▸ Source information

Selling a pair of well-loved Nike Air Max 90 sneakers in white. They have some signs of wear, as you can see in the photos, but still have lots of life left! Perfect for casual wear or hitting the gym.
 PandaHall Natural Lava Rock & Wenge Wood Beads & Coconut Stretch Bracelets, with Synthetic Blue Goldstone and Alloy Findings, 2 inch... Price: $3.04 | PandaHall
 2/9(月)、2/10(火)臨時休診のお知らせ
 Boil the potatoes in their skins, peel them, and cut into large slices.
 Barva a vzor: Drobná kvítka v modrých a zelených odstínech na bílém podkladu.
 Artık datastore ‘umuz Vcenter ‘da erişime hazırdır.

--

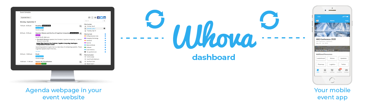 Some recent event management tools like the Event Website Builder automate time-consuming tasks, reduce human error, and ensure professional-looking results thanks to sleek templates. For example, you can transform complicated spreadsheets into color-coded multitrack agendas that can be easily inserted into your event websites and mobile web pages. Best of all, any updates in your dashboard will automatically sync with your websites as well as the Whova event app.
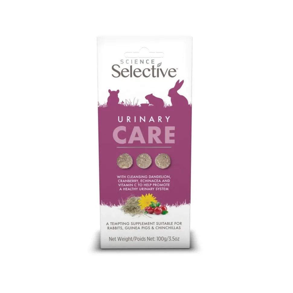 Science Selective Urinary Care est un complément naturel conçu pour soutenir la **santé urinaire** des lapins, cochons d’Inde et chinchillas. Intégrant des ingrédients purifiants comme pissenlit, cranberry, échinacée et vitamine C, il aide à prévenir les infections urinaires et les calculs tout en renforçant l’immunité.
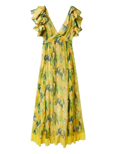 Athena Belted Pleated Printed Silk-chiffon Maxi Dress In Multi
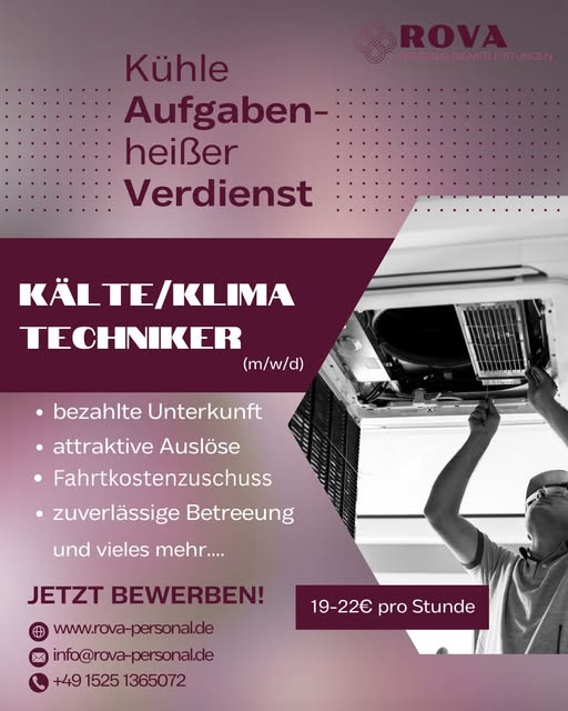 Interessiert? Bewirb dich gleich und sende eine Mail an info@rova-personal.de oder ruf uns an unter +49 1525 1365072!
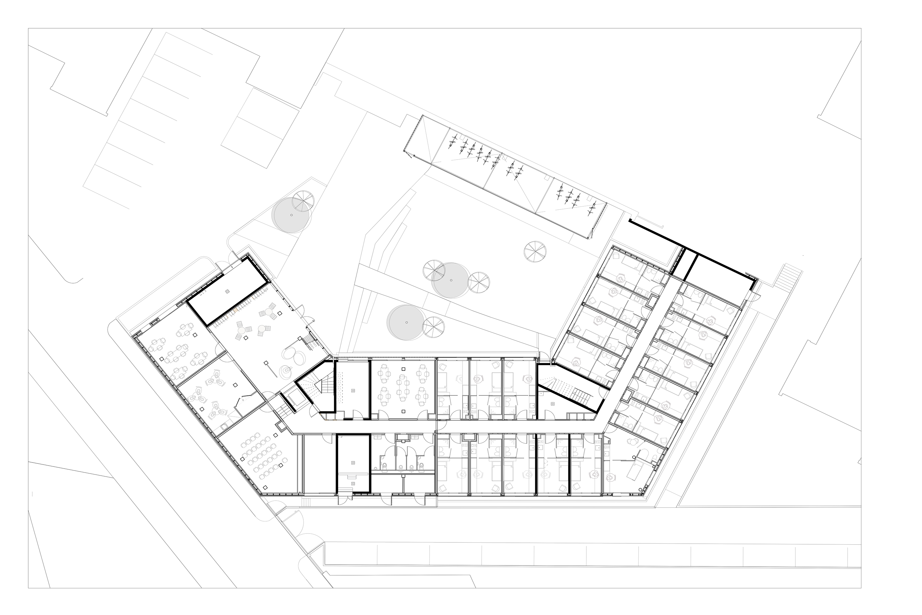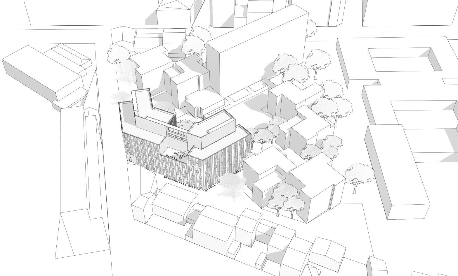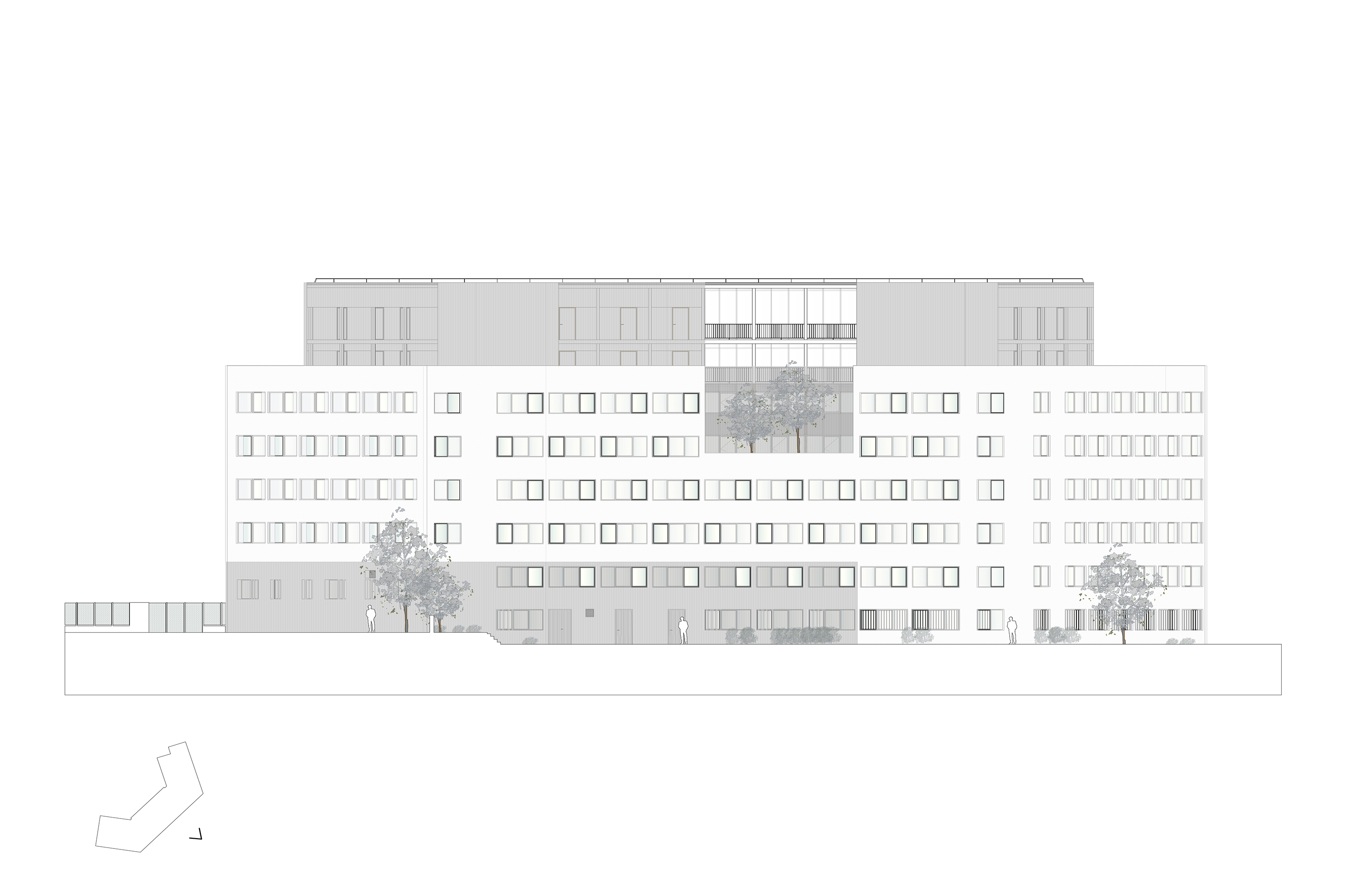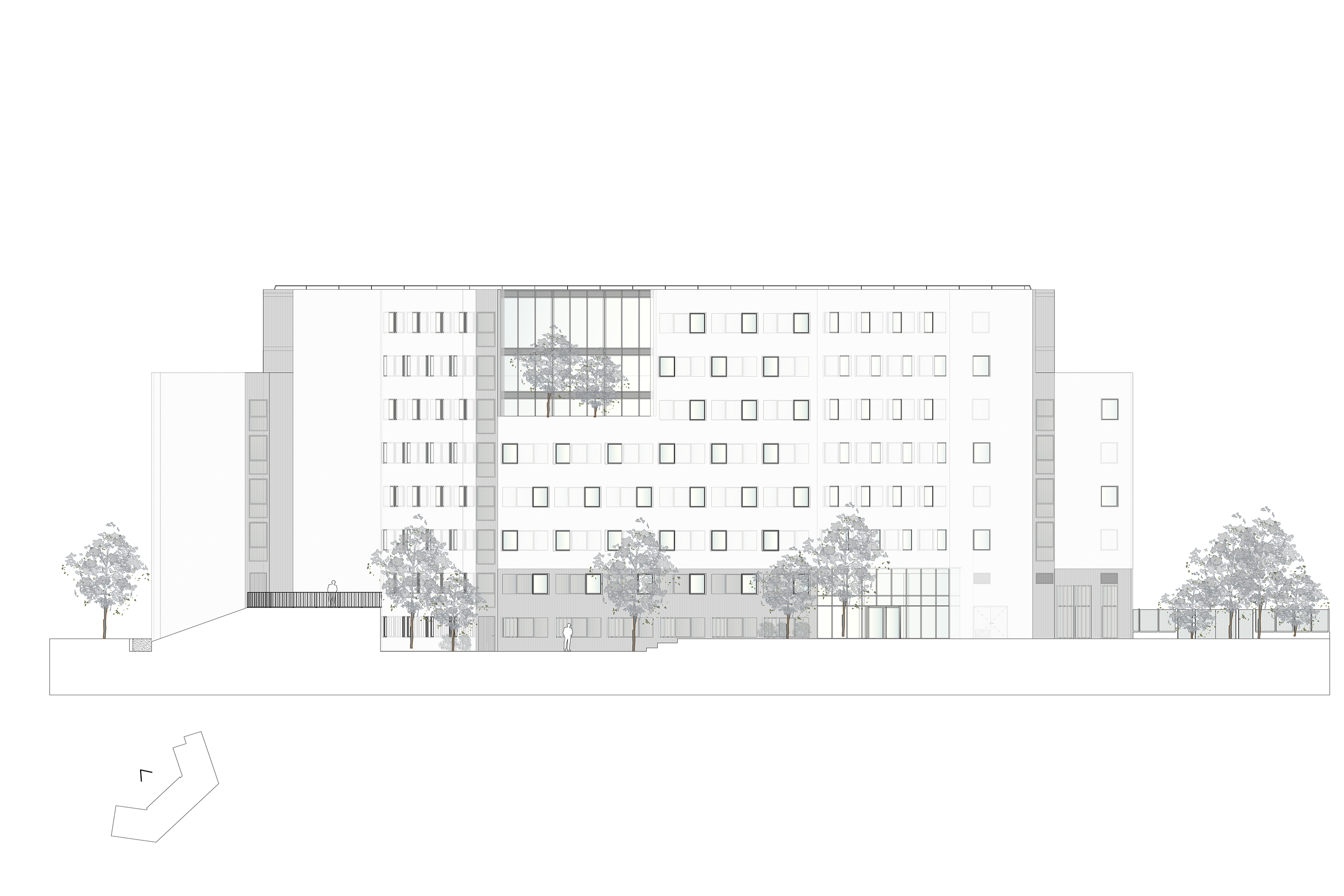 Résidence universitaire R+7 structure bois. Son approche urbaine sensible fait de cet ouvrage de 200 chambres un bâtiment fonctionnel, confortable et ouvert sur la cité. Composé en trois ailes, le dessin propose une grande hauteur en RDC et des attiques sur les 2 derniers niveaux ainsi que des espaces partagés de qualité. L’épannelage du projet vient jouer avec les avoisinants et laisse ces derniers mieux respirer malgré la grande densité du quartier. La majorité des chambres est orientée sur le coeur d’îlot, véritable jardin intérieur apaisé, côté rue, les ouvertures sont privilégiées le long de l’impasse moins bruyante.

▸ What you need to do
Write down exactly the span of lines above from the one containing "Selling a pair" to the one containing "Artık datastore ‘umuz", both ends included.

▸ Exercise response
Selling a pair of well-loved Nike Air Max 90 sneakers in white. They have some signs of wear, as you can see in the photos, but still have lots of life left! Perfect for casual wear or hitting the gym.
 PandaHall Natural Lava Rock & Wenge Wood Beads & Coconut Stretch Bracelets, with Synthetic Blue Goldstone and Alloy Findings, 2 inch... Price: $3.04 | PandaHall
 2/9(月)、2/10(火)臨時休診のお知らせ
 Boil the potatoes in their skins, peel them, and cut into large slices.
 Barva a vzor: Drobná kvítka v modrých a zelených odstínech na bílém podkladu.
 Artık datastore ‘umuz Vcenter ‘da erişime hazırdır.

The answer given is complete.